Task details
Lines that include the string "portes" are the ones to copy from the entries below.
(Beginning of Data shown)
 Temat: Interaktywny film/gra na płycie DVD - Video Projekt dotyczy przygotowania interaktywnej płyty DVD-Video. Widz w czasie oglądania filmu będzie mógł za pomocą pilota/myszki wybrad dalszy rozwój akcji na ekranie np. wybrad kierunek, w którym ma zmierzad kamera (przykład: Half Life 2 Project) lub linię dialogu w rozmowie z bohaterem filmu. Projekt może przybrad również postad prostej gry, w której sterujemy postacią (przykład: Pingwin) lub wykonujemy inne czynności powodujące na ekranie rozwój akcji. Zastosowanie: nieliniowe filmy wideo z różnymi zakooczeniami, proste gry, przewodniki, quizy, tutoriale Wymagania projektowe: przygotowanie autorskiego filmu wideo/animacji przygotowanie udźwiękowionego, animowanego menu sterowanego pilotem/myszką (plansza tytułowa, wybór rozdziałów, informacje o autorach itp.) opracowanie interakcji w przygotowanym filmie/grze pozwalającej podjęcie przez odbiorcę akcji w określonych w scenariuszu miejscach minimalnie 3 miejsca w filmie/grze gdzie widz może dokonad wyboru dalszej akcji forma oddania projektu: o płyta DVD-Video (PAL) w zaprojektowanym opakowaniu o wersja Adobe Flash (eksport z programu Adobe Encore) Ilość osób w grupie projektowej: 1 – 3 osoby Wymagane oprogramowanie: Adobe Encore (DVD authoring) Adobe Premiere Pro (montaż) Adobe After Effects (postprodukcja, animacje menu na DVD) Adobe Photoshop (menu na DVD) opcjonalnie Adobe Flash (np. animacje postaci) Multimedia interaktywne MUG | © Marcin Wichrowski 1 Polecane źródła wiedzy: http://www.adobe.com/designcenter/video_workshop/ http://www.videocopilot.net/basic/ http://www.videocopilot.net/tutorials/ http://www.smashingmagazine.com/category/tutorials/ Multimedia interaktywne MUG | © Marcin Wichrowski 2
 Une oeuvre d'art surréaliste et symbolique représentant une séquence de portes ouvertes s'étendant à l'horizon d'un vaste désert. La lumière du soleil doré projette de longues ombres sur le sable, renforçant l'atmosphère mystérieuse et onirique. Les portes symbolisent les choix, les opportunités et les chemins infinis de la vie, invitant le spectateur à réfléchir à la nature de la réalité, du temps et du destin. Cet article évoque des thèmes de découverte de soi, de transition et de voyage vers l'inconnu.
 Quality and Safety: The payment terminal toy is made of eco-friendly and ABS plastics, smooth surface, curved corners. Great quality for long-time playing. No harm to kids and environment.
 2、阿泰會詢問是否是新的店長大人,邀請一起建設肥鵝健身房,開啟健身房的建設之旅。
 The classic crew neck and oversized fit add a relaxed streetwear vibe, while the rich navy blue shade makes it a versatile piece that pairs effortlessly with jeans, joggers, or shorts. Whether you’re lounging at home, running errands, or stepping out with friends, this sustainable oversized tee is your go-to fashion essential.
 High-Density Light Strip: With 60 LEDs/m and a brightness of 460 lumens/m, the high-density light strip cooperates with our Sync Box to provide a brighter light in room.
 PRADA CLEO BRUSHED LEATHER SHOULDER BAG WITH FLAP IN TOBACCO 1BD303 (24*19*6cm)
(End of Data shown)
(Beginning of Data shown)
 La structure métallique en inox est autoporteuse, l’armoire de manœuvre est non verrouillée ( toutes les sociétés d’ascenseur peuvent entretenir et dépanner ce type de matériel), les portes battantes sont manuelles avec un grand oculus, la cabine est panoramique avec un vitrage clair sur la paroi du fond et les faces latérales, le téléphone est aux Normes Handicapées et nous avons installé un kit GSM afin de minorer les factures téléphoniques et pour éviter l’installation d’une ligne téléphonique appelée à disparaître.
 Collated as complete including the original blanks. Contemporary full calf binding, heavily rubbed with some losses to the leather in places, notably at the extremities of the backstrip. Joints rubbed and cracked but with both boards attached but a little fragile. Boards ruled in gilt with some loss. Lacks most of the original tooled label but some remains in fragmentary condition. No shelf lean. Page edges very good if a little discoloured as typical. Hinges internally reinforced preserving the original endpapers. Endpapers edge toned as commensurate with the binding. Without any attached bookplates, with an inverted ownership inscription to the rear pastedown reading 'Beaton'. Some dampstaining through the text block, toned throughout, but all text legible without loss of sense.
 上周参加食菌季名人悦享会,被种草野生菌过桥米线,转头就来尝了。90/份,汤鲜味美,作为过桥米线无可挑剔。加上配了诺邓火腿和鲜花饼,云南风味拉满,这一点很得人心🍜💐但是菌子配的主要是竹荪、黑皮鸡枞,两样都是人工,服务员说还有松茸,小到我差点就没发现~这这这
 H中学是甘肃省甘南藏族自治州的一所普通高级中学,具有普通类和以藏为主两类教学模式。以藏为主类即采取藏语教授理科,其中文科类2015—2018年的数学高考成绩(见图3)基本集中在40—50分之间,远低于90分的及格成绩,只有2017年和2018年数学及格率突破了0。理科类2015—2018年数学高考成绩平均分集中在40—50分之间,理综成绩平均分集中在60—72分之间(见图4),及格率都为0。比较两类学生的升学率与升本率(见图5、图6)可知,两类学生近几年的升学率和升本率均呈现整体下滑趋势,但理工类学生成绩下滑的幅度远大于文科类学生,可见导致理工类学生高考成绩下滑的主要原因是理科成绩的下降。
(End of Data shown)
(Beginning of Data shown)
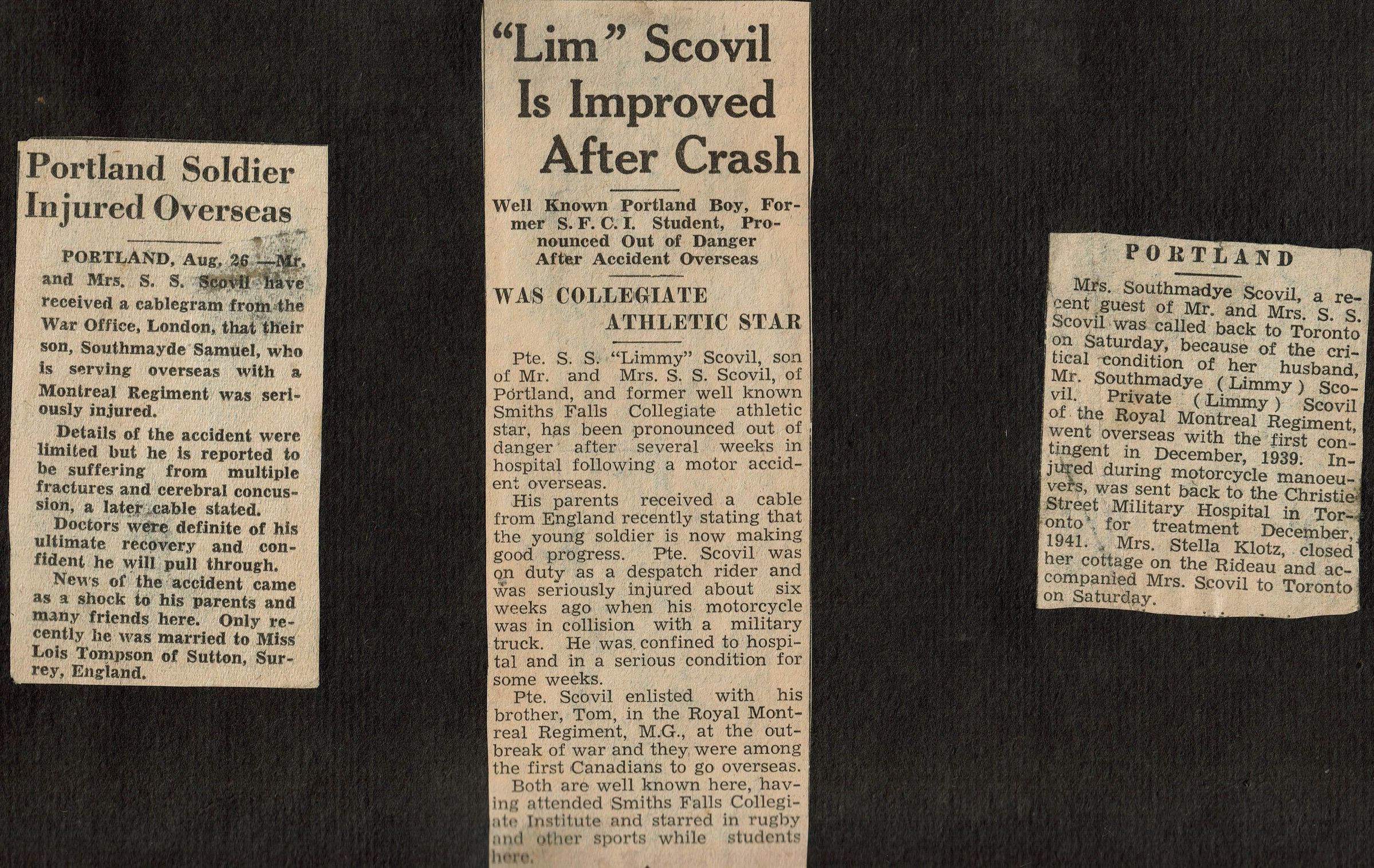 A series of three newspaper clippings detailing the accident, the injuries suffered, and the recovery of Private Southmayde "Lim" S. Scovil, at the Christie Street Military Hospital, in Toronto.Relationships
(End of Data shown)
Finished exercise
 Une oeuvre d'art surréaliste et symbolique représentant une séquence de portes ouvertes s'étendant à l'horizon d'un vaste désert. La lumière du soleil doré projette de longues ombres sur le sable, renforçant l'atmosphère mystérieuse et onirique. Les portes symbolisent les choix, les opportunités et les chemins infinis de la vie, invitant le spectateur à réfléchir à la nature de la réalité, du temps et du destin. Cet article évoque des thèmes de découverte de soi, de transition et de voyage vers l'inconnu.
 La structure métallique en inox est autoporteuse, l’armoire de manœuvre est non verrouillée ( toutes les sociétés d’ascenseur peuvent entretenir et dépanner ce type de matériel), les portes battantes sont manuelles avec un grand oculus, la cabine est panoramique avec un vitrage clair sur la paroi du fond et les faces latérales, le téléphone est aux Normes Handicapées et nous avons installé un kit GSM afin de minorer les factures téléphoniques et pour éviter l’installation d’une ligne téléphonique appelée à disparaître.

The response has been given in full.